Delving into Dynamic Scene Cue-Consistency for Robust 3D Multi-Object Tracking

TL;DR

<3-5 sentence high-level summary> DSC-Track addresses robust 3D multi-object tracking in dynamic scenes by shifting focus from individual object motion to cue-consistency across spatial neighborhoods. It introduces a unified spatiotemporal encoder using rotation-invariant Point Pair Features, a Geometric Inject Attention mechanism, a temporal track token, and a cue-consistent cross-attention module with a memory-update scheme. The approach achieves state-of-the-art AMOTA on nuScenes (val and test) and shows strong generalization to Waymo, while running at real-time speeds. This work demonstrates the effectiveness of higher-order spatial relational cues for stable data association in crowded driving scenarios.

Abstract

3D multi-object tracking is a critical and challenging task in the field of autonomous driving. A common paradigm relies on modeling individual object motion, e.g., Kalman filters, to predict trajectories. While effective in simple scenarios, this approach often struggles in crowded environments or with inaccurate detections, as it overlooks the rich geometric relationships between objects. This highlights the need to leverage spatial cues. However, existing geometry-aware methods can be susceptible to interference from irrelevant objects, leading to ambiguous features and incorrect associations. To address this, we propose focusing on cue-consistency: identifying and matching stable spatial patterns over time. We introduce the Dynamic Scene Cue-Consistency Tracker (DSC-Track) to implement this principle. Firstly, we design a unified spatiotemporal encoder using Point Pair Features (PPF) to learn discriminative trajectory embeddings while suppressing interference.
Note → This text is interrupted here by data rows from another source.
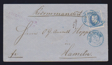 2 Gr. blau, Prachtstück mit K2 "Suhlingen" auf eingeschriebenem Expreßbrief ("Theilungssache, frei") nach Landesbergen, etwas unfrisch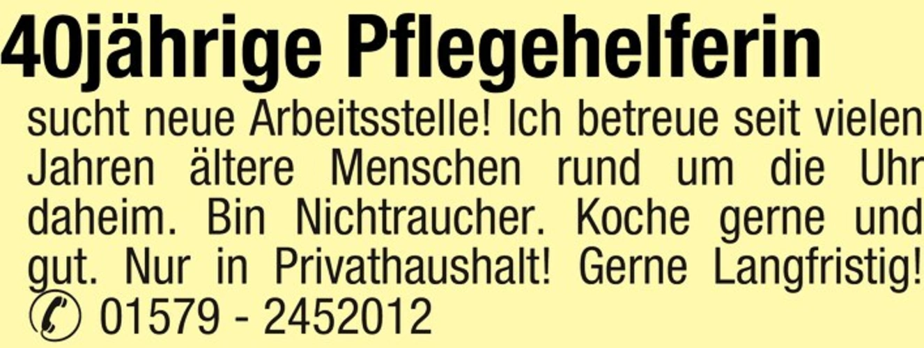 40jhrige Pflegehelferin sucht neue Arbeitsstelle!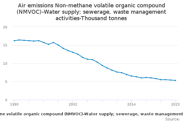 Download this time seriesAir emissions Non-methane volatile organic compound (NMVOC)-Water supply; sewerage, waste management activities-Thousand tonnes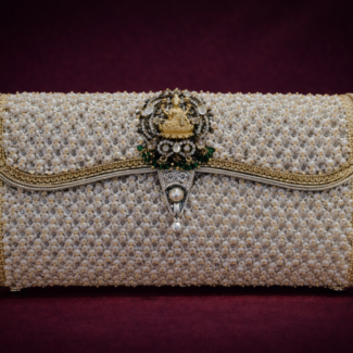 Fully pearl-embellished clutch with gold crest detailing and royal clasp accent.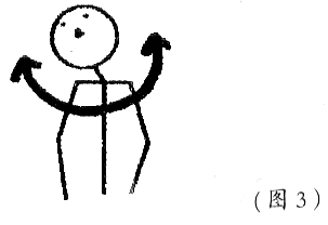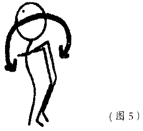 2. 肩回旋运动肩部前后作大回环运动。以肩关节为轴心,手臂先向前,再向后作绕圈回环运动(图5)。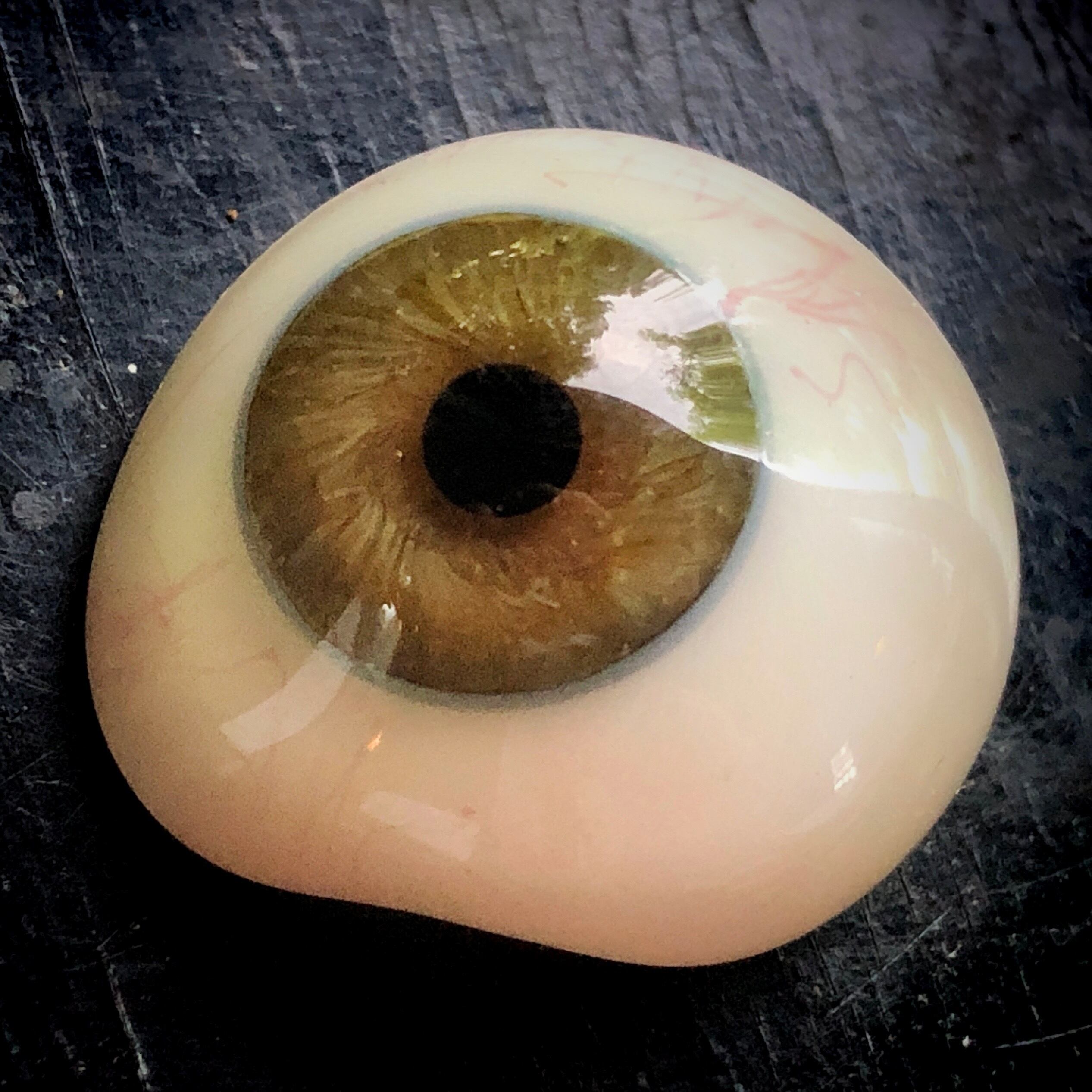 黒目からアンバーが滲み出し、くすんだ茶色へと移るのですが、そこにほのかなグリーンが靄のように漂っている気がするのです。それはごく薄い青、白、黄の繊細な筋が渦を巻いて踊っているからなのでしょう。それが澄んだガラスの中で溶け合って光の靄のように立つのかもしれません。このように澄み切ったガラスの塊の中で、光と色彩が戯れているような曖昧で微妙なニュアンスが、この義眼の大きな特徴です。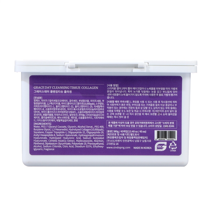 Салфетки очищающие Grace Day для снятия макияжа, с коллагеном, 45 шт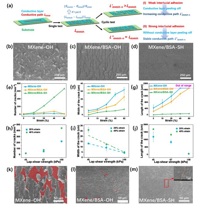 為解釋界面黏附強度影響傳感器耐久性的工作機理,作者針對具有不同界面黏附的傳感器的導電層進行了掃描電鏡表征和分析。圖4表明,隨著界面黏附強度的提升,導電層在固定應變下產生的裂痕大小(長度和寬度)減小,但是數目明顯增多。這種現象是傳感器在保持較高拉伸性的前提下大幅提升拉伸性的原因。在1000次的循環測試之后,具有較弱界面黏附的傳感器產生了明顯的導電層剝落,而強界面黏附展示了穩定的導電層與裂痕維持能力,這是傳感器耐久性提升的根本原因。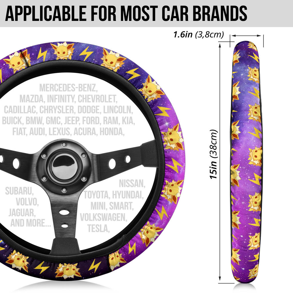 Transform your driving experience with the captivating Pokemon Galaxy Jolteon Eevee Evolution Car Steering Wheel Cover. This unique steering wheel cover features stunning graphics of Jolteon, one of the most beloved Eevee evolutions. The vibrant design combines the allure of the cosmos with the electrifying essence of Jolteon, making it an eye-catching accessory for any car enthusiast and Pokémon fan.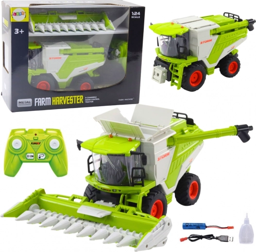 - RC-mejetærsker med majsskærebord, fjernbetjening, batteri 3,7 V 500 mAh, USB-oplader, udlæsningsrør, vandbeholder til røgeffekt, original emballage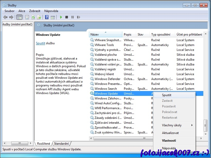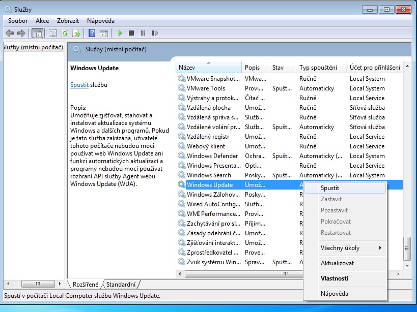 zapnutí služby Windows update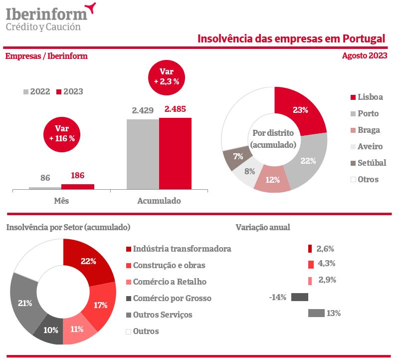 As insolvências em agosto registaram um aumento de 116% face ao mesmo mês do ano passado, confirmado a tendência de crescimento que se começou a verificar na segunda metade do primeiro semestre deste ano. Pela primeira vez em 2023, o acumulado supera o total de 2022, com um aumento de 2,3% e um valor absoluto de 2.485 insolvências.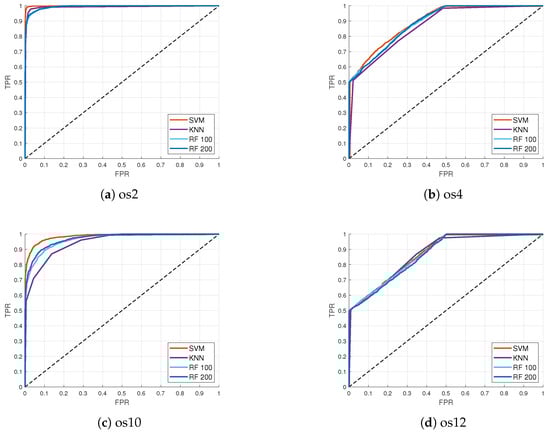 Regarding the machine learning models implementation, in image classification, the bag of features (BoF) selection approach was applied. It means that the model used 70% of the strongest features for classification to improve the quality of the visual vocabulary and reduce the influence of noise. The strongest features contain the most informative parts of the image, such as edges or textures. The weakest features (30%) that may represent noise or unimportant details were eliminated and rejected. Overfitting was reduced by using this BoF approach. In the SVM model, the Gaussian (radial base function—RBF) kernel was chosen for its flexibility and robustness in nonlinear classification problems. This kernel exhibits resistance to noise and is less sensitive to isolated outliers than polynomial kernels, which is crucial in real-world GNSS environments. RBF implicitly handles local variations in signal power, critical for spoofing detection with small dB advantages (e.g., 0.4 dB in os4). In the KNN model, the number of neighbors was set to 5, and we used the Euclidean distance, as these values showed the best model performance. The number of trees was set to 100 and 200 in order to see how the model performed when that number was increased. Also, the built-in validation method, Out-Of-Bag (OOB) prediction, was used in random forests for evaluating the model. Each tree was trained on a random bootstrap sample, and OOB samples were left out and then used for the model evaluation, providing an internal estimate of performance without the need for a separate test dataset. When using more than 200 trees, the performance stabilized with negligible improvements in accuracy. Only the execution time and computational complexity increased with the increase in the number of trees. The model achieved stable and reliable results with 100–200 trees, and adding more trees did not significantly improve accuracy or other metrics. In order to prevent the model overfitting, k-fold cross-validation was applied to all machine learning models. The dataset was divided into k folds, in this research K was 5, and used to assess the model’s ability as new data became available. With this value of K, 80% of the data were used for training, and 20% were used for testing. Since machine learning models used in this research were supervised, data were divided into folders based on the class they belonged to. Folders “real” and “spoofed” denoted the labels and output types used for classification. The predicted variable was the class of the signal (type of the signal): real or spoofed. The class distribution was evenly balanced in each 5-fold cross-validation step because the number of samples per class was equal.

Secondly, our cue-consistency transformer module explicitly aligns consistent feature representations between historical tracks and current detections. Finally, a dynamic update mechanism preserves salient spatiotemporal information for stable online tracking. Extensive experiments on the nuScenes and Waymo Open Datasets validate the effectiveness and robustness of our approach. On the nuScenes benchmark, for instance, our method achieves state-of-the-art performance, reaching 73.2% and 70.3% AMOTA on the validation and test sets, respectively.

Figures (4)

• Figure 1: Comparison of a conventional tracking method and our proposed DSC-Track. Left: Previous methods, such as those relying on individual object motion, are prone to ID Switches (IDS) when faced with ambiguous associations, like objects in close proximity. Right: Our method explicitly models the spatial cue-consistency among all targets using a Transformer, enabling robust and correct associations in challenging scenarios.
• Figure 2: The overall architecture of our DSC-Track framework. Our model takes historical track information and new 3D detections as input. (1) The Unified Spatio-Temporal Aggregation module first generates a discriminative feature representation, $\{\hat{\mathbf{Z}}_m\}$, for each track by leveraging its historical and spatial context. (2) Then, the Cue-Consistency Transformer interacts these track features with detection features ($\mathbf{B}^t$) to mine consistent cues, yielding enhanced representations for both. (3) Finally, in the Matching and Update stage, an affinity matrix is computed from these enhanced features for data association, and the memory buffer is updated for the next frame.
• Figure 3: Left: Illustration of the rotation-invariance of our Point Pair Feature (PPF). Right: Details of the Geometric Inject Attention (GIA) module used for aggregation.
• Figure 4: Qualitative results of DSC-Track on the nuScenes validation set. Our tracker successfully handles a long-term occlusion during a turn by leveraging stable geometric cues from the environment (e.g., the roadside), correctly re-identifying the target (ID 6) upon reappearance.